Task instructions -> The part below that opens with the line containing "На нотариальные действия" and closes with the line containing "Плов из говядины" should be copied exactly, minus any pictures.

Input records ->
────────────────

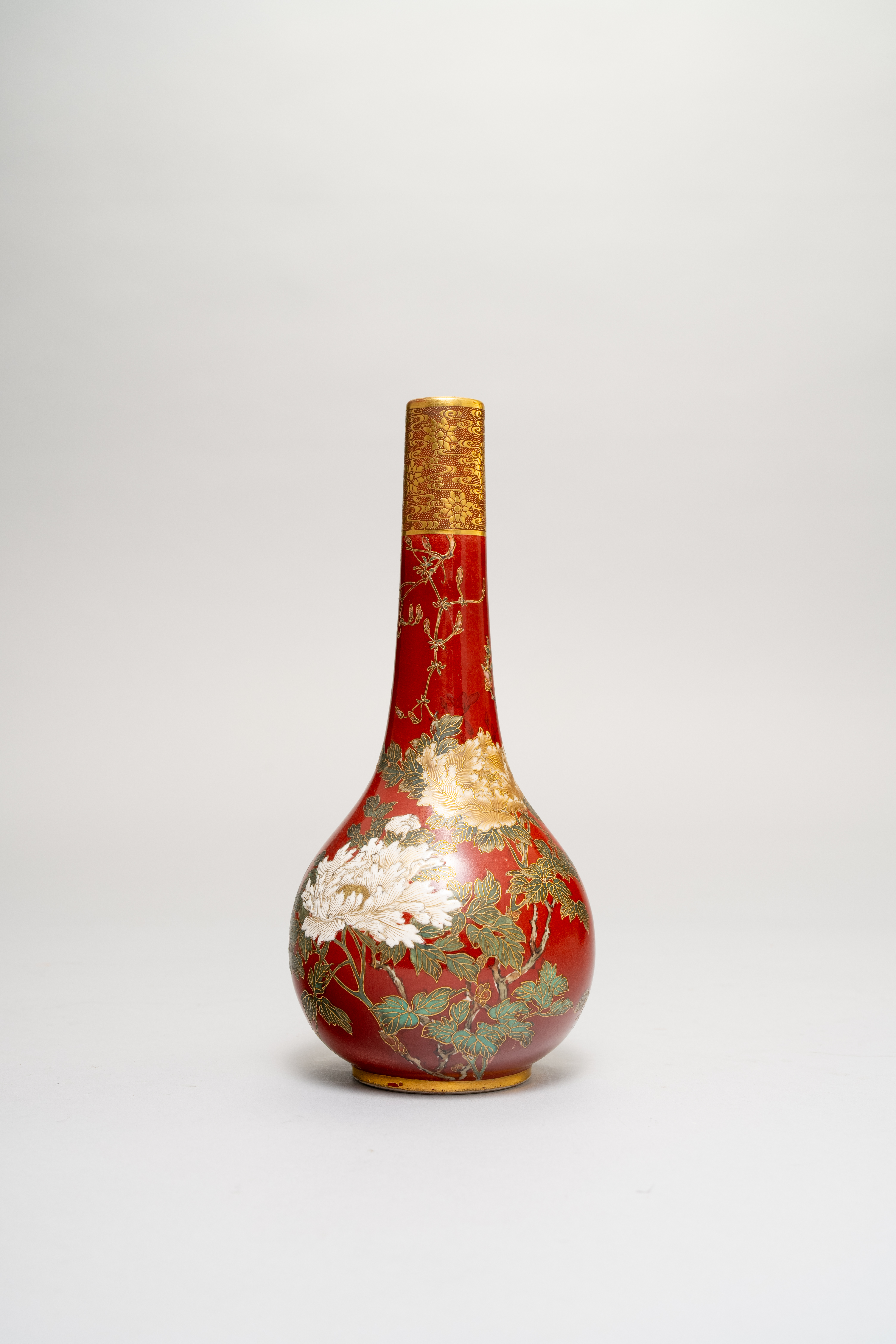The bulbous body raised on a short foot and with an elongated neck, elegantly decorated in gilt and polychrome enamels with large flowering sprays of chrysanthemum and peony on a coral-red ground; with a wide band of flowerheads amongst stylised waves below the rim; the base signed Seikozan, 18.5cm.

────────────────

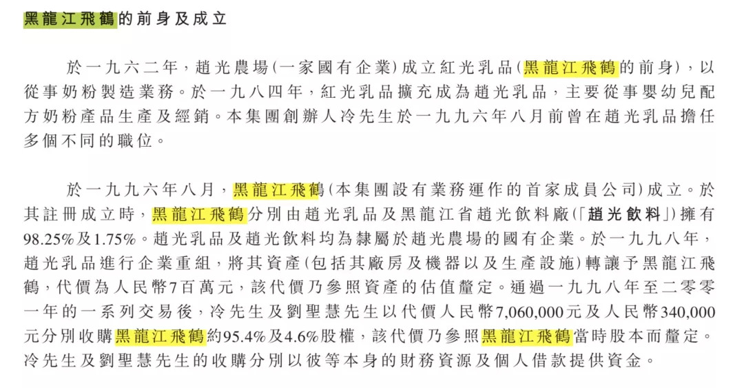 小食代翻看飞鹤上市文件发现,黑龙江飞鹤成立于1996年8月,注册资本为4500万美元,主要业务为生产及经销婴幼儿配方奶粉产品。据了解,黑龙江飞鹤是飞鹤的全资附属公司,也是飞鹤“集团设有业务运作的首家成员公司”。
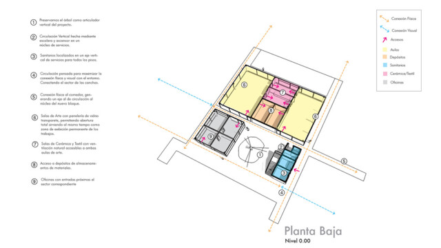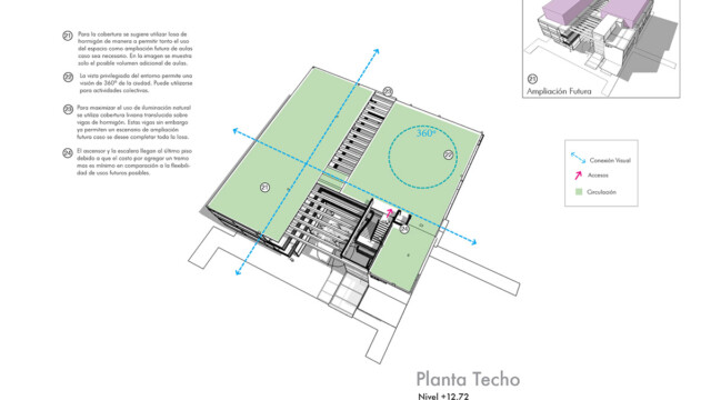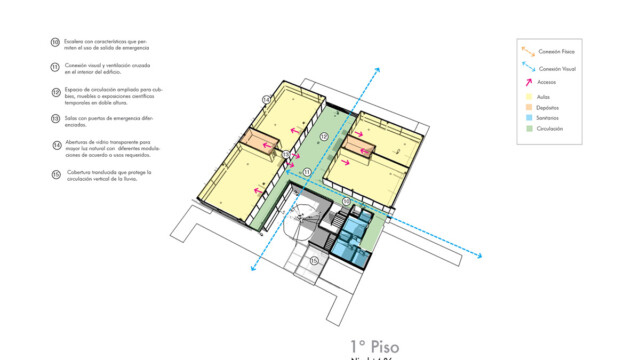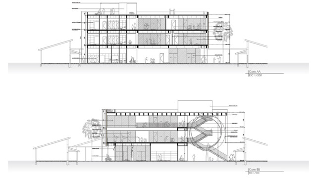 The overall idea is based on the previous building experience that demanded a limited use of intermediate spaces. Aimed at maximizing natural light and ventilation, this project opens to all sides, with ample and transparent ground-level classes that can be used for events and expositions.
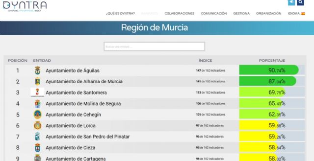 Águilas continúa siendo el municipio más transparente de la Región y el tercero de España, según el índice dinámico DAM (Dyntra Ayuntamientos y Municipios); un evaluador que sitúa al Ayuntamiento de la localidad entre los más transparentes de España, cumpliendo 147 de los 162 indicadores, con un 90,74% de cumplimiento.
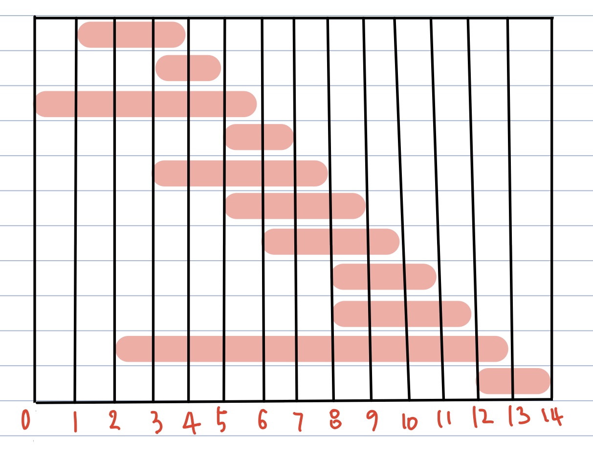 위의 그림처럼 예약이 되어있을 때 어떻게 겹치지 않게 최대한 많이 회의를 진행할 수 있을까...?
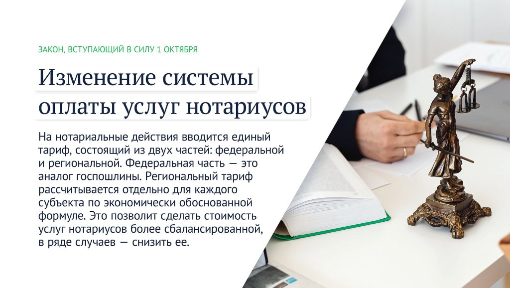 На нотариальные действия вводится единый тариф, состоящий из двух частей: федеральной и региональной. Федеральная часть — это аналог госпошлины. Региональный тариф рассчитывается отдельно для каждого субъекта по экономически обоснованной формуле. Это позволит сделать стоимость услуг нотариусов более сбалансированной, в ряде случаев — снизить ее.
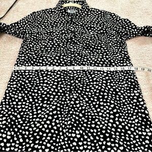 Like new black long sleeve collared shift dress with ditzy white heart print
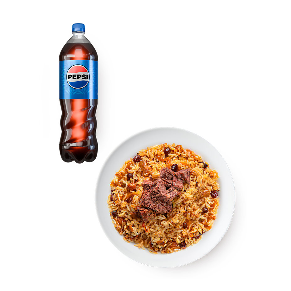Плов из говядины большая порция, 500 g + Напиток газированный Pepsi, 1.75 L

────────────────

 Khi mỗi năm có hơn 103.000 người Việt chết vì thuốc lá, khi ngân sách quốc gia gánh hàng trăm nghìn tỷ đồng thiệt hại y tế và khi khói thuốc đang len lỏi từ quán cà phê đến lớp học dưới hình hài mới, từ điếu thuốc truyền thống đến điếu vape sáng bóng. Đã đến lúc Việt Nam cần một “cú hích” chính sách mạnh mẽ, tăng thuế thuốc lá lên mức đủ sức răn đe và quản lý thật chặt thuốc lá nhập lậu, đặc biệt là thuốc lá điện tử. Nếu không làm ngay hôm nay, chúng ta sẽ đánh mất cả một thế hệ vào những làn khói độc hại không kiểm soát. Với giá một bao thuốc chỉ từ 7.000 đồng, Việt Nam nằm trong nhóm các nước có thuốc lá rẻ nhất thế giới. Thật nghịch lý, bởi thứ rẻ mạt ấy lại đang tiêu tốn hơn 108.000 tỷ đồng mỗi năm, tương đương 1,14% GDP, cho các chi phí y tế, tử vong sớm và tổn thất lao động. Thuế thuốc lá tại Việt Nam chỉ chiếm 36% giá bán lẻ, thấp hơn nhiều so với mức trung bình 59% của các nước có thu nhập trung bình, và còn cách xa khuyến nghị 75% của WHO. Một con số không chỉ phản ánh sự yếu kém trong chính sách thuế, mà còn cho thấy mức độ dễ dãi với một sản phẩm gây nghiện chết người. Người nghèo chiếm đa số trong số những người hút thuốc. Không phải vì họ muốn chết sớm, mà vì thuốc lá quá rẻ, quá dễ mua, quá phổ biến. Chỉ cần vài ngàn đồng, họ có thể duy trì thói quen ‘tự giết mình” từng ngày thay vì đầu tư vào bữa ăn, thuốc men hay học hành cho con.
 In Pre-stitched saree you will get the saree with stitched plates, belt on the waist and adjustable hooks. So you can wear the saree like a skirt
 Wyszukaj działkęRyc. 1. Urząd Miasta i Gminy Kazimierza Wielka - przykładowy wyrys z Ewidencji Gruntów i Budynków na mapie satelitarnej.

────────────────

Expected output ->
 На нотариальные действия вводится единый тариф, состоящий из двух частей: федеральной и региональной. Федеральная часть — это аналог госпошлины. Региональный тариф рассчитывается отдельно для каждого субъекта по экономически обоснованной формуле. Это позволит сделать стоимость услуг нотариусов более сбалансированной, в ряде случаев — снизить ее.
 Like new black long sleeve collared shift dress with ditzy white heart print
Плов из говядины большая порция, 500 g + Напиток газированный Pepsi, 1.75 L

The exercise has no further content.